6 Replies Latest reply on Aug 15, 2019 1:23 PM by drozwood90

    ZU+ FSBL fails to access BRAM on "cold" start

    mboechat

      I hope someone can help me figure out why the FSBL is successful only after the board has been running for a while.

      I am developing on the UltrazedEG board and it's carrier (IOCC) -> http://zedboard.org/product/ultrazed-EG. It has a Zync Ultrascale+ XCZU3EG-SFVA625.

      My goal is to test the DDR, so I can't use it as program memory.The program has to run from the SD card, so I can't use the OCM either, since it is reserved by the bootloader.
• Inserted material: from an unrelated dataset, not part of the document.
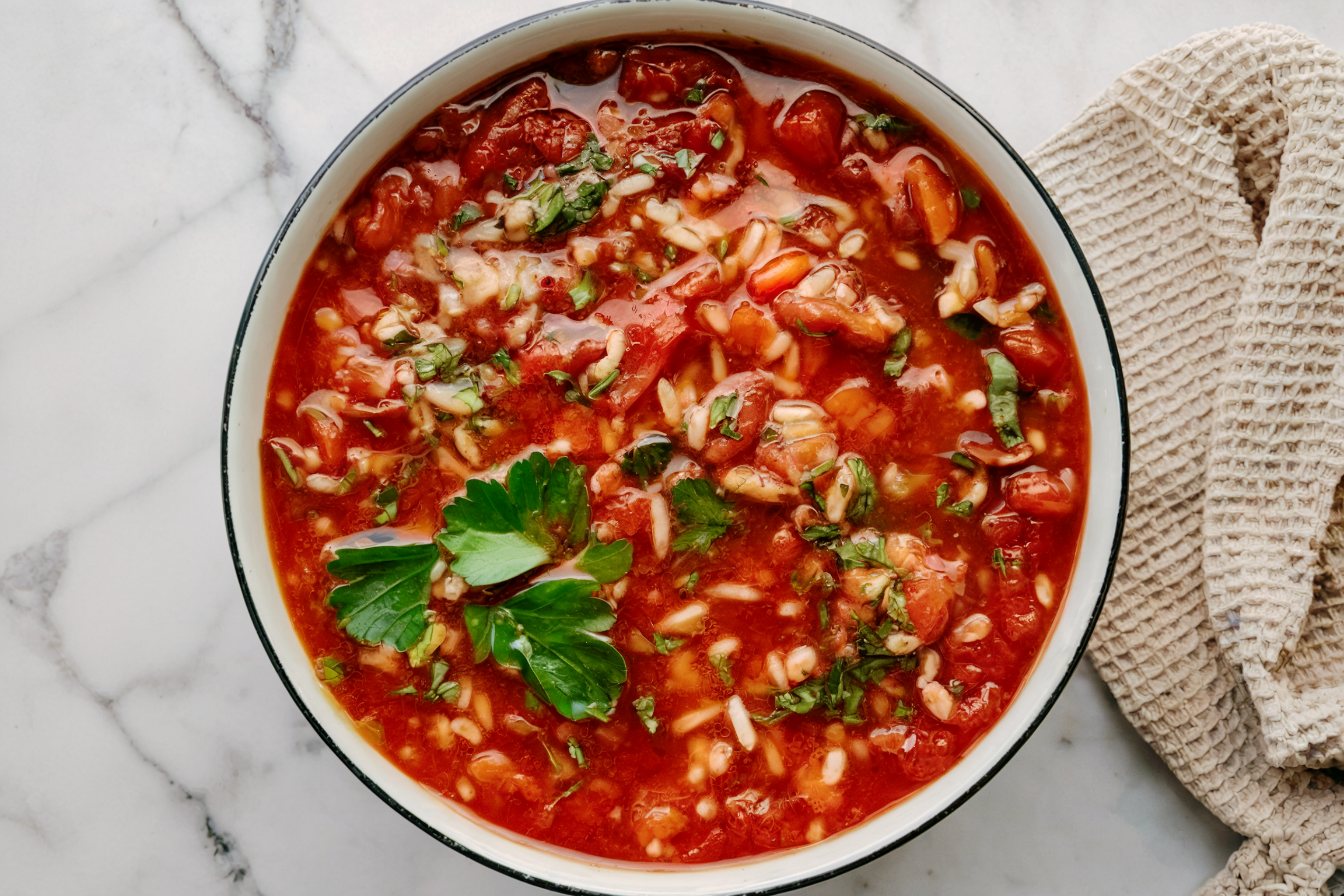 Taste the soup and adjust with salt and pepper as needed. Serve warm with rice stirred in or served on the side.
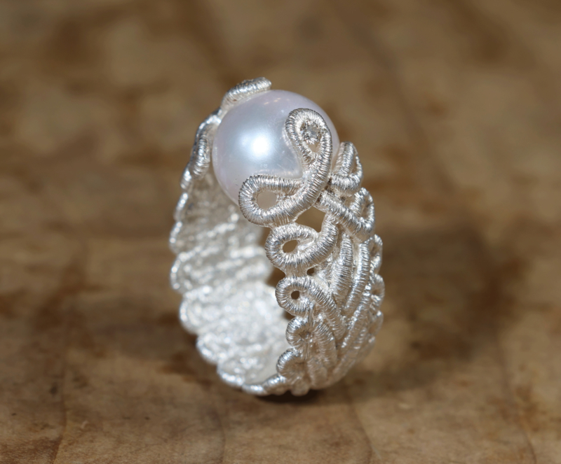 Zilveren ring gemaakt door Brigitte Adolph. De parel is mooi egaal wit in de zilveren lusjes zijn kleine diamantjes gezet in een champange kleur. De maat van de ring is 17, wilt U een andere maat dat kan laat gerust Uw wensen weten info@gold-line.nl

      I have modified the out-of the box setup by adding a 256KB BRAM at address 0x8000_0000 in vivado 2018.3 (plus a few other irrelevant changes)

      aj_blockDiagram.png

      In Xilinx SDK 2018.3 I have created 4 projects,

      • The Hardware Platform Specification (importing the .HDF file from Vivado after generating Bitstream)
      • The Board Support Package
      • The FSBL based on the template
      • One Hello World program (to keep this question simple, will be replaced with DDR testing code)

       

      For the FSBL project, I have modified the compiler Symbols according to https://www.xilinx.com/support/answers/69754.html

      aj_compilerSymbols.png

      And I have modified the bsp's page table (MMUTableL2) accordingly (fsbl_bsp>psu_cortexa53_0>libsrc>standalone_v6.8>src>translation_table.S)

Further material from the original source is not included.